• What you need to do
Print the line containing "Воскресное шествие - крестный", then every line after it through the end of the material, exactly as written and without pictures.

• Available data

»»

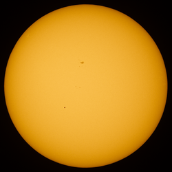 Mercury's orbit is inclined by 7 degrees to the plane of Earth's orbit (the ecliptic), the largest of all eight known solar planets.[110] As a result, transits of Mercury across the face of the Sun can only occur when the planet is crossing the plane of the ecliptic at the time it lies between Earth and the Sun, which is in May or November. This occurs about every seven years on average.[111]
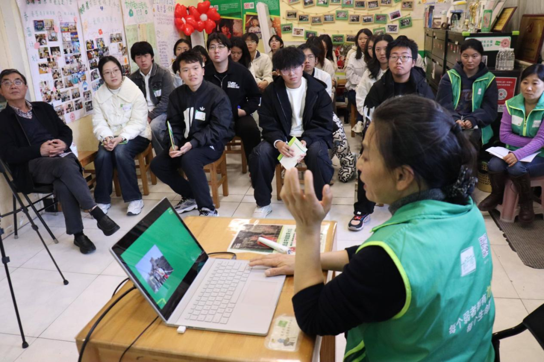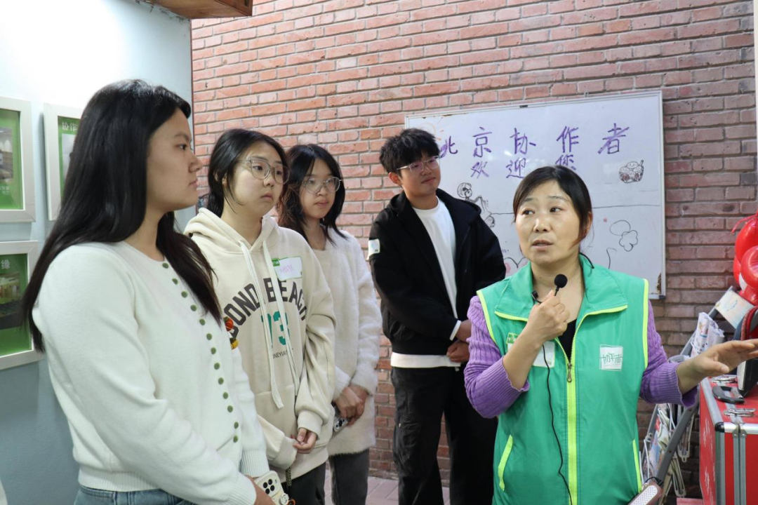 踏入北京协作者位于东四七条的温馨小院,木质结构与绿植相映,墙上的服务照片、孩子们的画作处处透着暖意。在社会工作者的引导下,同学们参观了服务空间,从个案访谈室到集体活动区,每一处布局都彰显着“以服务对象为中心”的理念。大家认真聆听空间功能介绍,想象着社工们在这里为弱势群体搭建支持网络的日常,对社会工作的实践场景有了直观且生动的认知。
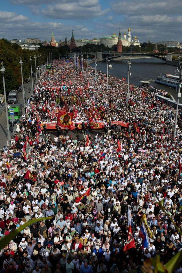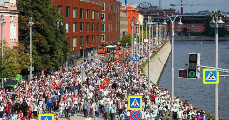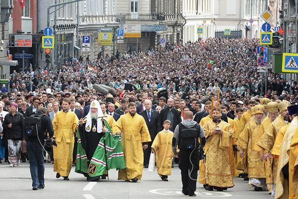 Воскресное шествие - крестный ход, который от Храма Христа спасителя до Новодевичьего монастыря, прошел 7 сентября в Москве, вызвал серьезную панику во властных этажах. Казалось совершенно нейтральное и аполитичное мероприятие, проводимое самим Патриархом Кириллом (Гундяев) не должно было стать раздражителем действующему режиму, а напротив показать единение верующих, представителей РПЦ с действующей властью.
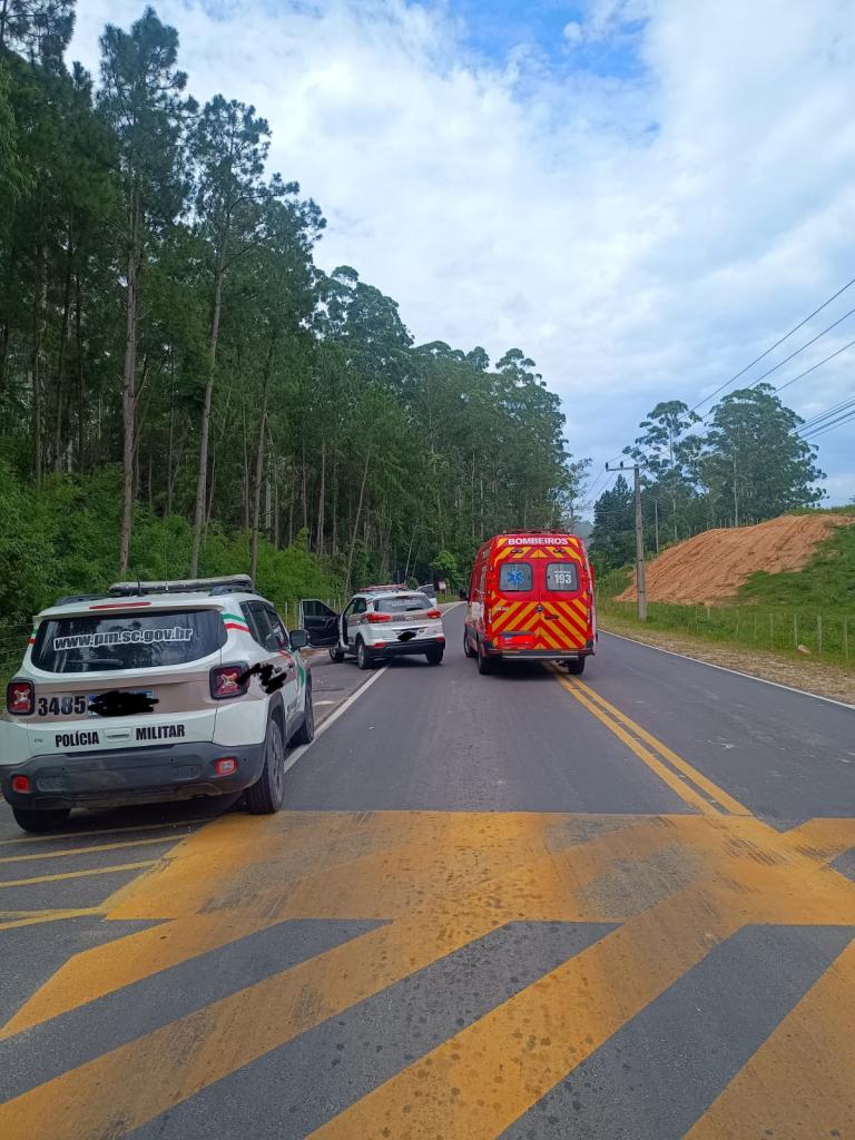 Um acidente de trânsito envolvendo uma motocicleta e uma viatura da Polícia Militar deixou um homem ferido na manhã desta quinta-feira, 29 de janeiro, na Estrada Geral do Timbé, no município de Tijucas.

««

• Response to the task
 Воскресное шествие - крестный ход, который от Храма Христа спасителя до Новодевичьего монастыря, прошел 7 сентября в Москве, вызвал серьезную панику во властных этажах. Казалось совершенно нейтральное и аполитичное мероприятие, проводимое самим Патриархом Кириллом (Гундяев) не должно было стать раздражителем действующему режиму, а напротив показать единение верующих, представителей РПЦ с действующей властью.
 Um acidente de trânsito envolvendo uma motocicleta e uma viatura da Polícia Militar deixou um homem ferido na manhã desta quinta-feira, 29 de janeiro, na Estrada Geral do Timbé, no município de Tijucas.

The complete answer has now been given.